Medizinische Klinik und Poliklinik I, Universitätsklinikum Carl Gustav Carus, Dresden, Germany.
Laboratory for Leukemia Diagnostics, Department of Medicine III, University Hospital, LMU Munich, Munich, Germany.
J Hematol Oncol. 2022 Sep 5;15(1):126. doi: 10.1186/s13045-022-01339-8.
The role of allogeneic hematopoietic cell transplantation (alloHCT) in acute myeloid leukemia (AML) with mutated IDH1/2 has not been defined. Therefore, we analyzed a large cohort of 3234 AML patients in first complete remission (CR1) undergoing alloHCT or conventional chemo-consolidation and investigated outcome in respect to IDH1/2 mutational subgroups (IDH1 R132C, R132H and IDH2 R140Q, R172K).
Genomic DNA was extracted from bone marrow or peripheral blood samples at diagnosis and analyzed for IDH mutations with denaturing high-performance liquid chromatography, Sanger sequencing and targeted myeloid panel next-generation sequencing, respectively. Statistical as-treated analyses were performed using R and standard statistical methods (Kruskal-Wallis test for continuous variables, Chi-square test for categorical variables, Cox regression for univariate and multivariable models), incorporating alloHCT as a time-dependent covariate.

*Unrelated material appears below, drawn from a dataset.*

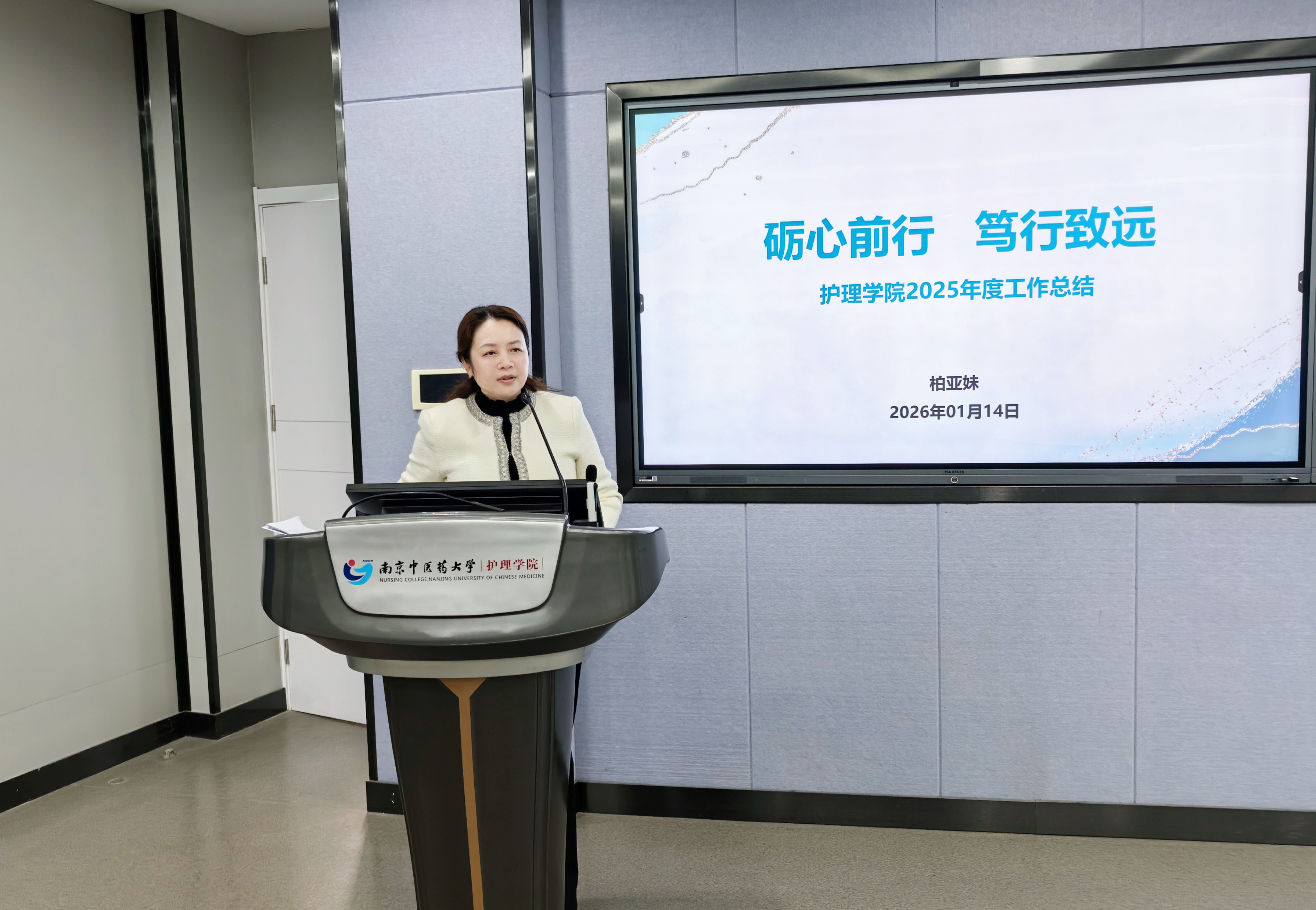 柏亚妹院长在讲话中系统回顾了学院2025年度业务工作。她指出,过去一年学院在学科建设、师资优化、教学提升、学生工作、科研创新、国际合作及社会服务等方面取得显著进展。面向2026年,学院将继续以立德树人为根本,以高质量发展为主线,强化学科交叉、深化教学改革、推动成果转化、拓展国际合作,全面提升办学质量与社会贡献度,加快建设具有国际影响力、国内一流的高水平护理学院。

Among 3234 patients achieving CR1, 7.8% harbored IDH1 mutations (36% R132C and 47% R132H) and 10.9% carried IDH2 mutations (77% R140Q and 19% R172K). 852 patients underwent alloHCT in CR1. Within the alloHCT group, 6.2% had an IDH1 mutation (43.4% R132C and 41.4% R132H) and 10% were characterized by an IDH2 mutation (71.8% R140Q and 24.7% R172K). Variants IDH1 R132C and IDH2 R172K showed a significant benefit from alloHCT for OS (p = .017 and p = .049) and RFS (HR = 0.42, p = .048 and p = .009) compared with chemotherapy only. AlloHCT in IDH2 R140Q mutated AML resulted in longer RFS (HR = 0.4, p = .002).

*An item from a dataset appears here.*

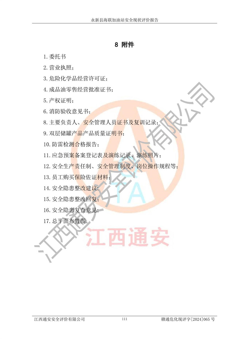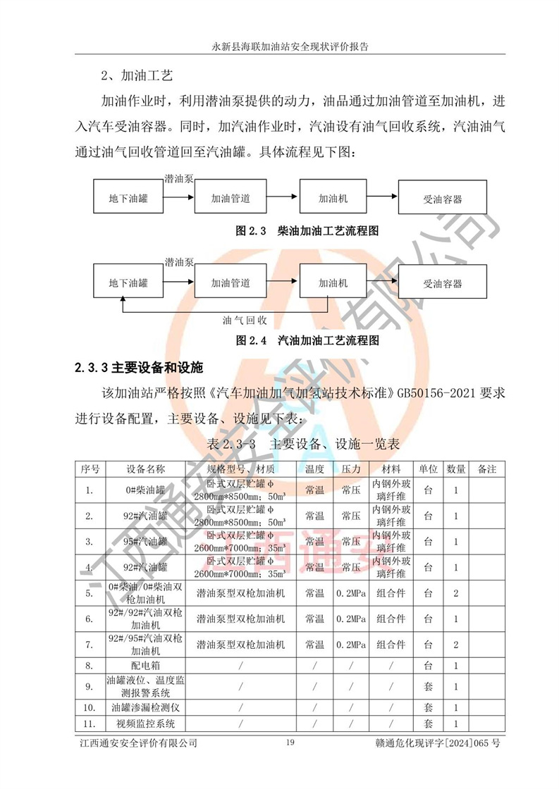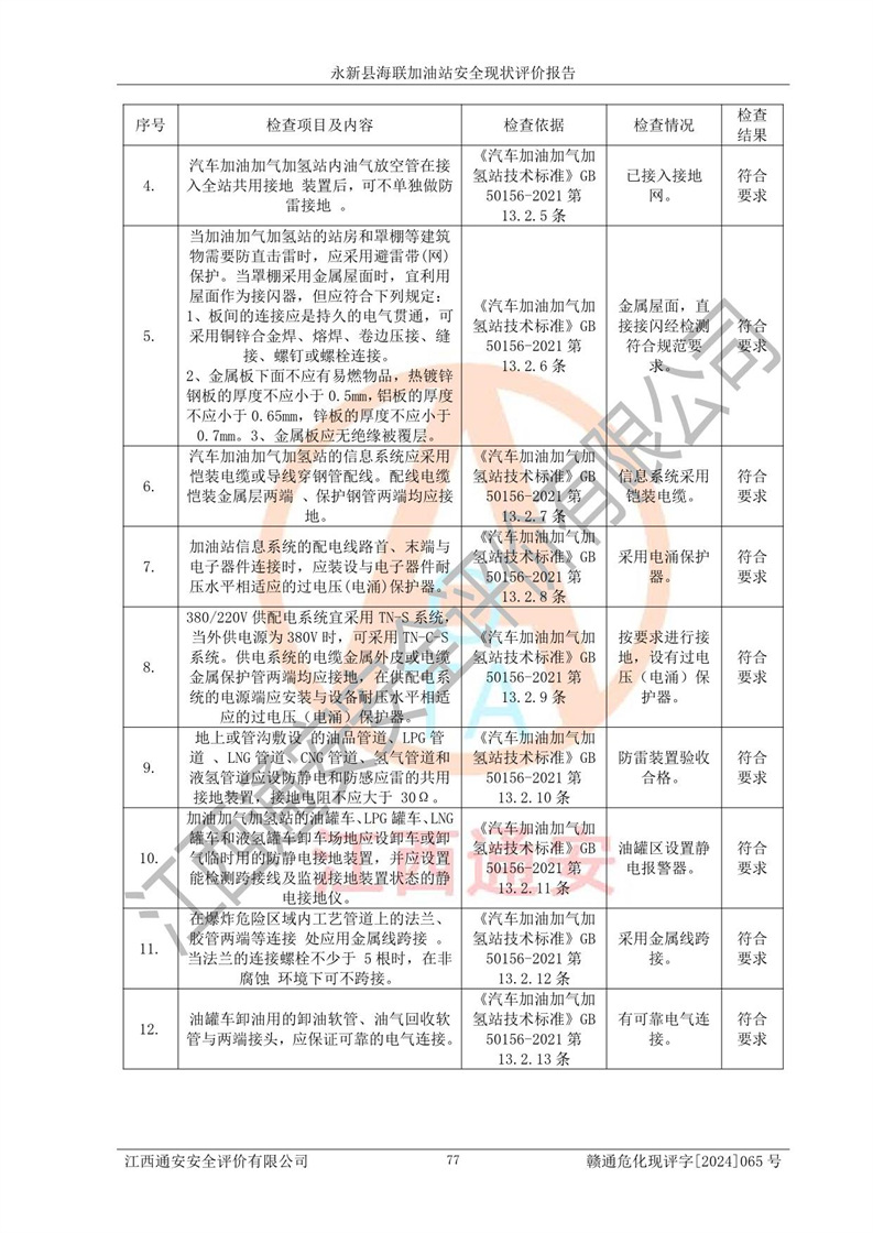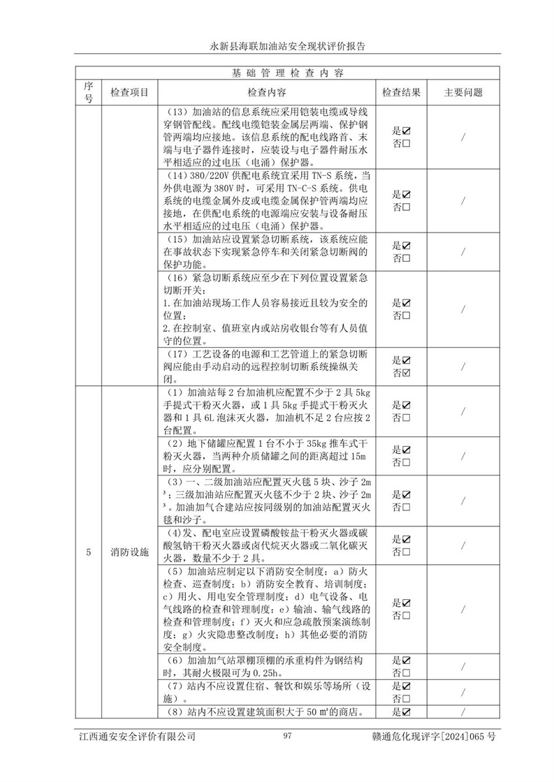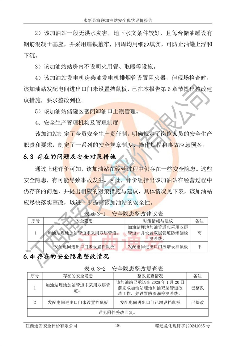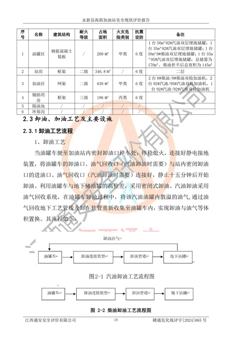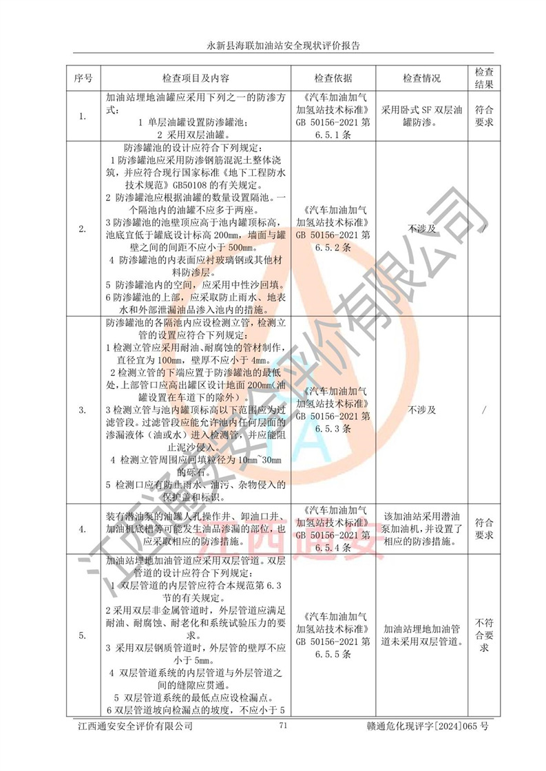评价结论 | 永新县海联加油站站址合理,周边环境良好,与敏感防护目标间距符合规范要求,站区建构筑物之间的防火间距、耐火等级符合标准要求,与总平面布置图一致,加油卸油工艺及设备设施合理,工艺布置得当,防雷设施经检测合格,采取的工艺安全设施符合规范要求;该加油站制定了安全管理制度和操作规程,人员经培训合格后上岗,安全管理人员经考核合格并取得安全合格证,能按照法律法规要求开展安全生产管理工作。 综上:永新县海联加油站符合《汽车加油加气加氢站技术标准》GB50156-2021等标准规范的要求,安全风险可控,满足危险化学品经营的安全条件。 | |||

In this large as-treated analysis, we showed that alloHCT is able to overcome the negative prognostic impact of certain IDH mutational subclasses in first-line consolidation treatment and could pending prognostic validation, provide prognostic value for AML risk stratification and therapeutic decision making.
异基因造血细胞移植(alloHCT)在伴有突变 IDH1/2 的急性髓系白血病(AML)中的作用尚未明确。因此,我们分析了 3234 例在首次完全缓解(CR1)期接受 alloHCT 或常规化疗巩固治疗的 AML 患者的大型队列,并根据 IDH1/2 突变亚组(IDH1 R132C、R132H 和 IDH2 R140Q、R172K)研究了预后。
从骨髓或外周血样本中提取基因组 DNA,分别采用变性高效液相色谱法、Sanger 测序和靶向髓系 panel 下一代测序分析 IDH 突变。使用 R 和标准统计方法(连续变量的 Kruskal-Wallis 检验,分类变量的卡方检验,单变量和多变量模型的 Cox 回归)进行基于治疗的统计分析,将 alloHCT 作为时变协变量。
在 3234 例达到 CR1 的患者中,7.8%存在 IDH1 突变(36%为 R132C,47%为 R132H),10.9%存在 IDH2 突变(77%为 R140Q,19%为 R172K)。852 例患者在 CR1 期接受 alloHCT。在 alloHCT 组中,6.2%存在 IDH1 突变(43.4%为 R132C,41.4%为 R132H),10%存在 IDH2 突变(71.8%为 R140Q,24.7%为 R172K)。IDH1 R132C 和 IDH2 R172K 突变与仅接受化疗相比, alloHCT 对 OS(p=0.017 和 p=0.049)和 RFS(HR=0.42,p=0.048 和 p=0.009)有显著获益。alloHCT 可改善 IDH2 R140Q 突变 AML 的 RFS(HR=0.4,p=0.002)。
在这项大型基于治疗的分析中,我们表明 alloHCT 能够克服一线巩固治疗中某些 IDH 突变亚组的不良预后影响,并可能在预后验证后,为 AML 风险分层和治疗决策提供预后价值。